Why is the velocity on the top of a wheel twice the velocity of its axle?
I'll tackle your questions in reverse:
3. The contact point is stationary because the wheel is not slipping. This happens when the force of static friction is able to counter the force of the wheel on the ground. This is what you want for controllable transport. If the wheel starts slipping (because of low friction) that's a skid and you are no longer able to steer or brake. If you like, imagine getting your car stuck in mud. You spin the wheel and fling mud all over the place without getting anywhere - not enough friction. If that doesn't help try taking a wheel, marking a spot on it, and slowly rolling it while carefully watching the point of contact.

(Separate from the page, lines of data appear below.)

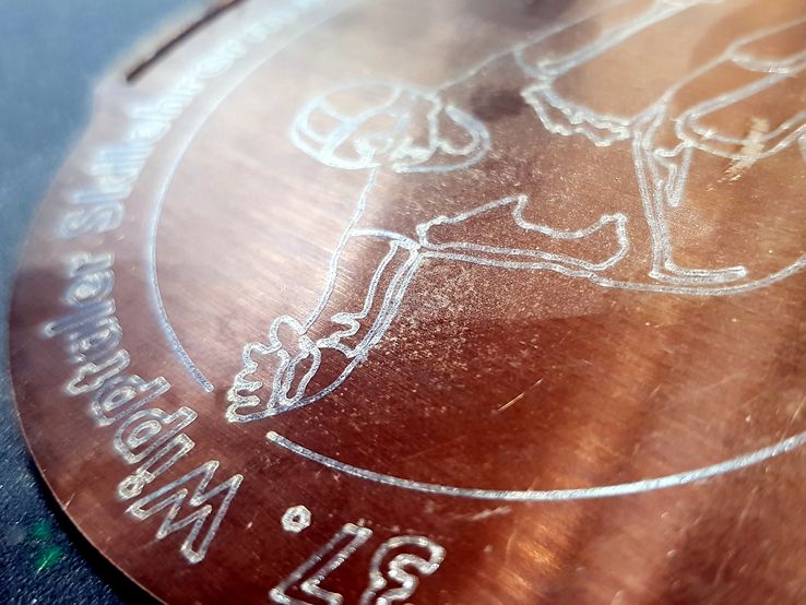 Mittels unseres Kohlenstoffdioxidlasers können wir verschiedenste Materialien wie Edelstahl, beschichtete Metalle, Holz, Kunststoffe, Glas, Stein oder auch Leder gravieren, wobei die 100-Watt-Laseranlage eine maximale Bearbeitungsbreite und -länge 1200 x 900 mm umfasst. Unser erfahrenes Team berät Sie gerne, sodass Beschriftungen, Logos, Fotos und vieles mehr optimal zur Geltung kommen. Zudem fertigen wir Trophäen nach Ihren Vorstellungen an. In der Bildergalerie links finden Sie dazu einige Beispiele.
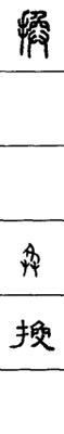 从上到下依次是小篆、甲骨文、金文、古玺及战国文字、缪篆及汉代文字、鸟虫篆。
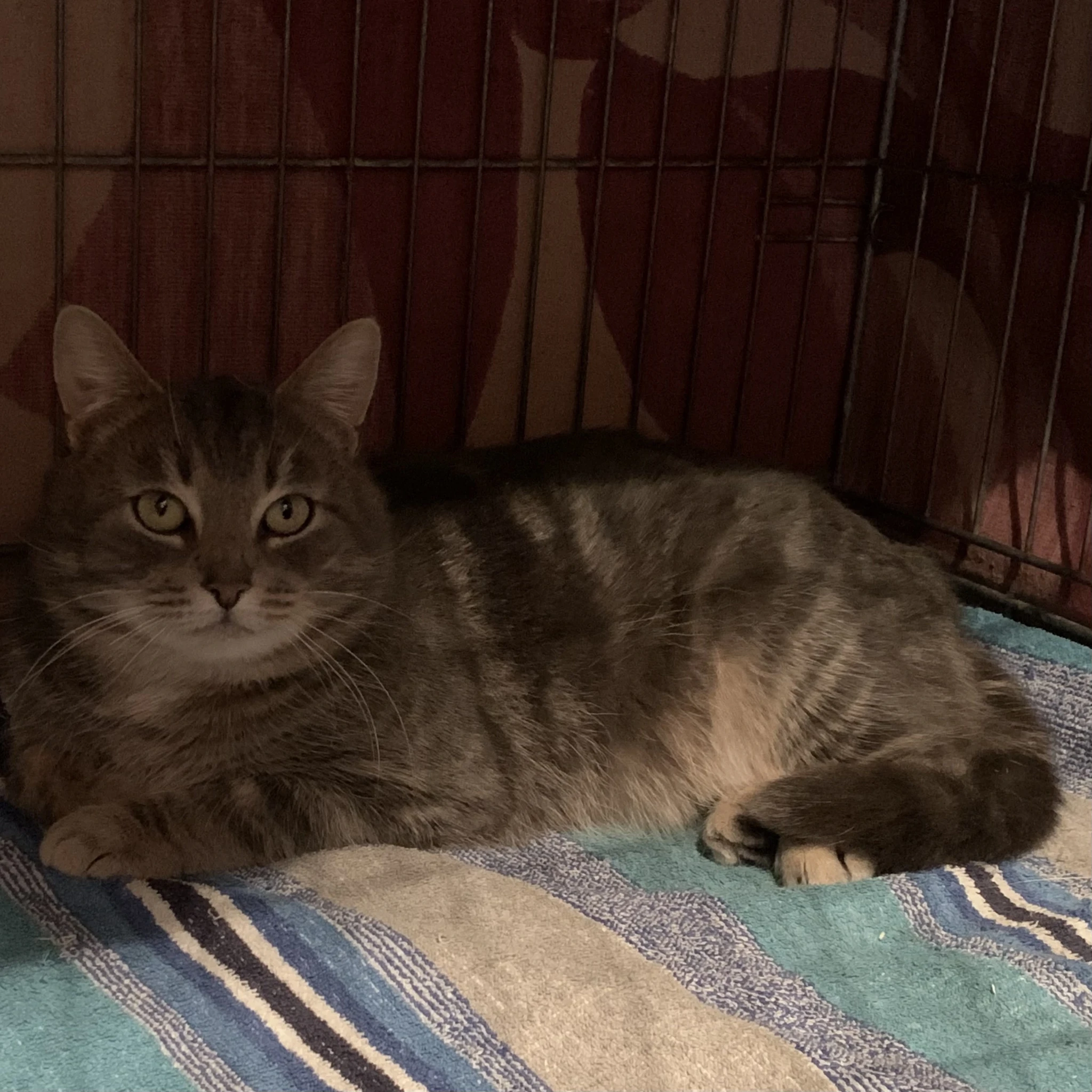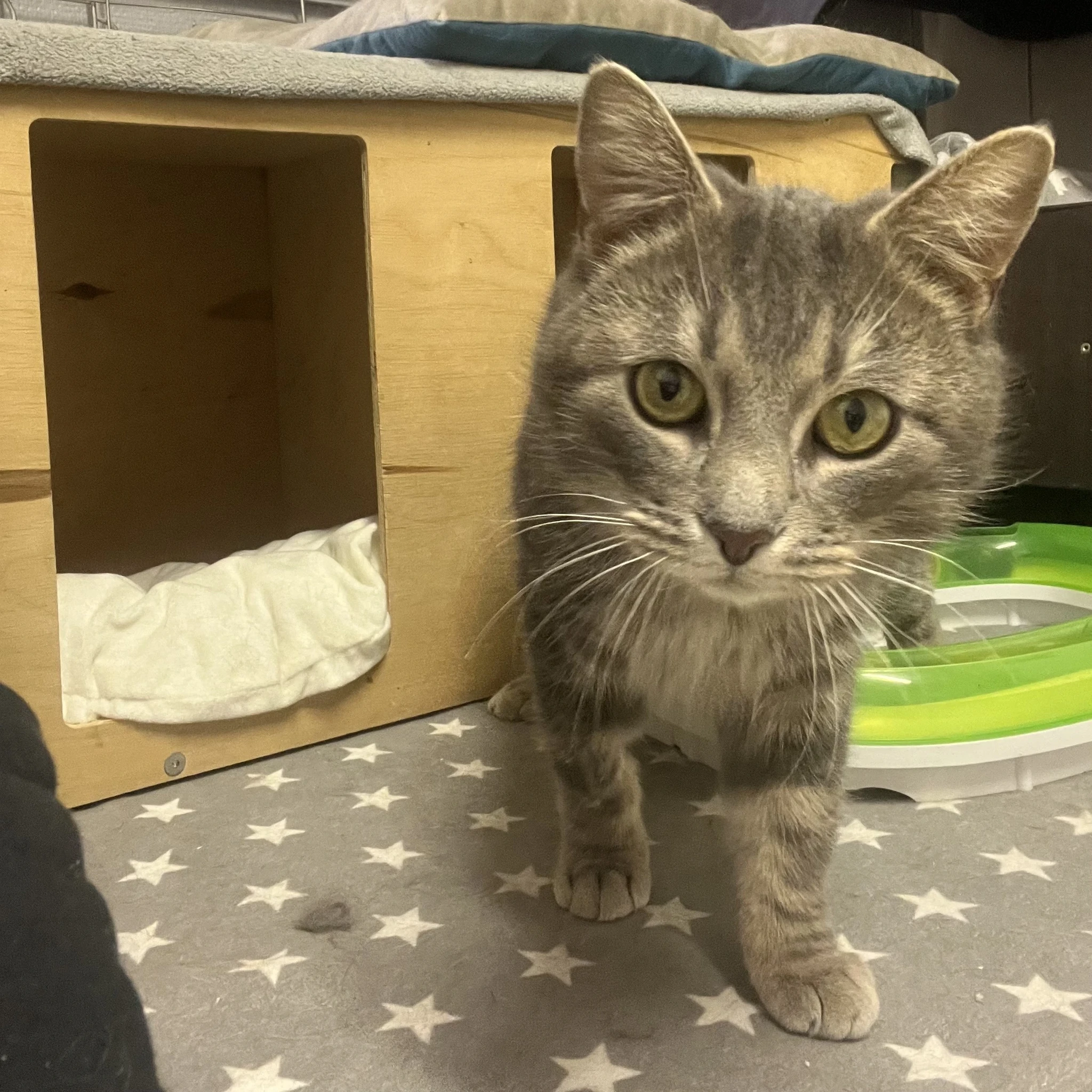 Kartlikult vaatas ta meid läbi puuri ja ei julgenud end liigutada. Kangestunult oli ta justkui puuri naelutatud. Puudutuste peale ta ei reageerinud ja üritas meid vältida. Mõned kähinad tulid küll kuuldavale, kuid mitte midagi väga hirmsat. Tegime esmase ülevaatuse ja toimetasime ta puuri puhkama. Puhkamise asemel asus ta kohe isukalt sööma. Kõhu mõnusalt täis puginud puges ta peitu. Oli näha, et ta ei soovi veel meiega suhelda ja vajab kohanemisel aega.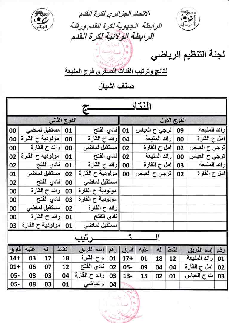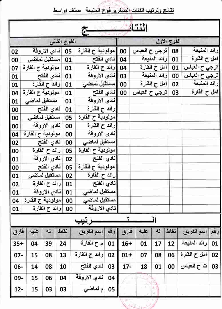 النتائج النهائية لبطولة الفئات الصغرى فوج المنيعة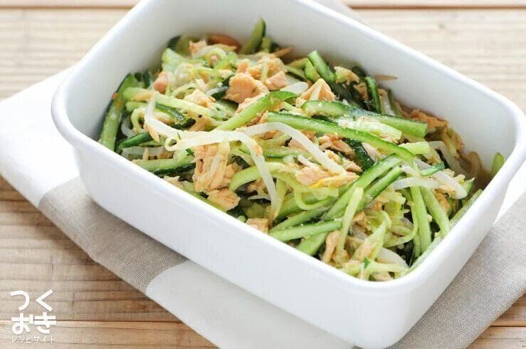 家計にやさしいもやしをたっぷりと使った、きゅうりともやしのツナごま和え。きゅうりともやしのシャキシャキ感と、さっぱりとしたお酢の後味がおいしい一品です。ツナ缶を油ごと使うことで、うま味とコクもアップします。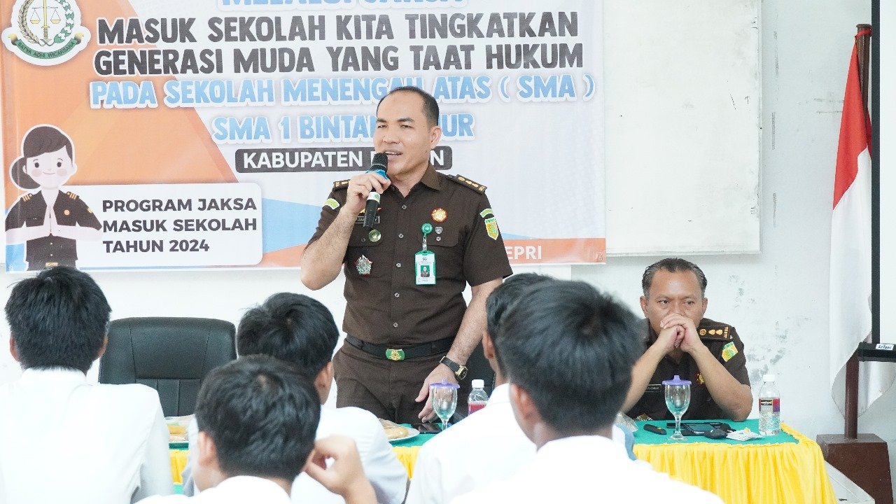 BENEWS | Kejati Kepri – Kejaksaan Tinggi Kepulauan Riau melalui Program Pembinaan Masyarakat Taat Hukum (BINMATKUM) pada kegiatan Penyuluhan Hukum telah menyelenggarakan kegiatan Program Jaksa Masuk Sekolah (JMS) di SMA Negeri 1 Bintan Timur dan SMK Negeri 1 Bintan Timur dengan mengangkat tema tentang, “Pencegahan Penyalahgunaan dan Peredaran Narkotika serta Anti Perundungan (Bullying)”.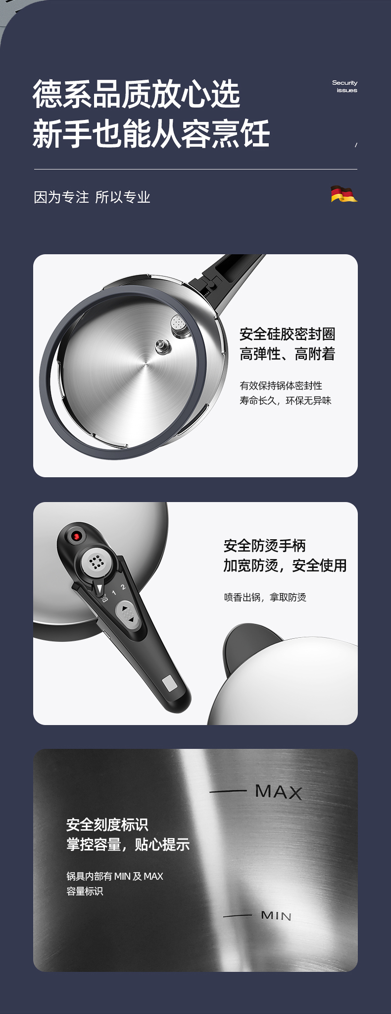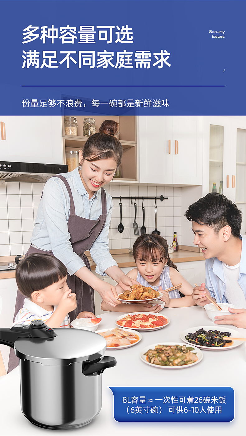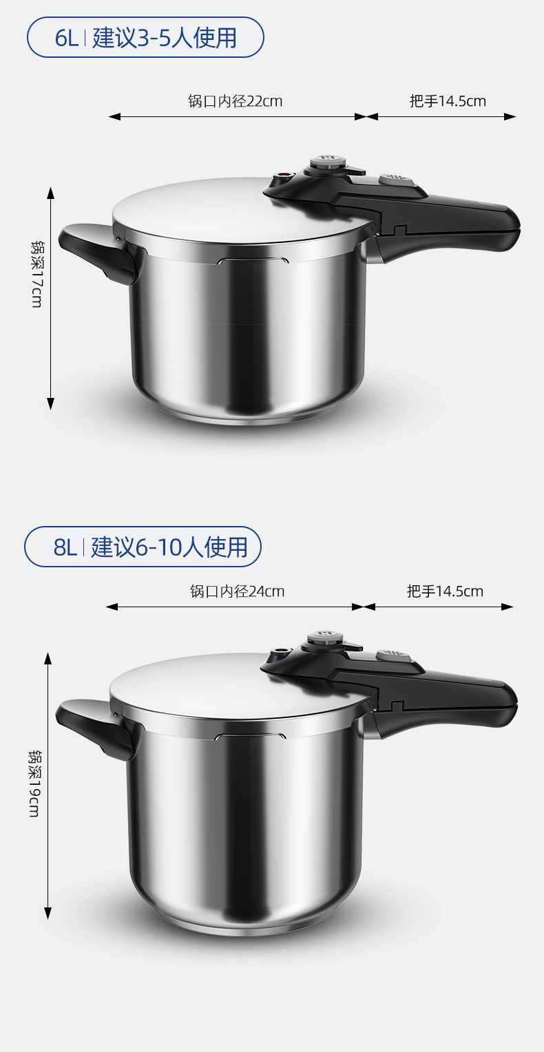 German 304 Stainless Steel Pressure Cooker Household Gas Induction Cooker Universal Explosion-Proof Mini Small Pressure Cooker Large Capacity 中文版

2. You need sufficient static friction to enforce the no-slip condition. The relation between the velocity at the top, centre and bottom of the wheel is geometrical and is not affected by friction per-se. If the car wheel spins with angular frequency $\omega$, has a radius $R$ and velocity at the axle of $v$ then the velocity of the wheel at the top and bottom is $$ v_{top} = v + \omega R, v_{bottom} = v - \omega R $$
1. If the no slip condition holds then $v_{bottom}=0$, so $ v = \omega R $. Using this in the top equation gives $ v_{top} = v + v = 2v $, independent of $R$. This is because both $v$ and $v_{top}$ increase in the same proportion as $R$ increases.
(Aside: Is there a way to make markdown do reverse lists?)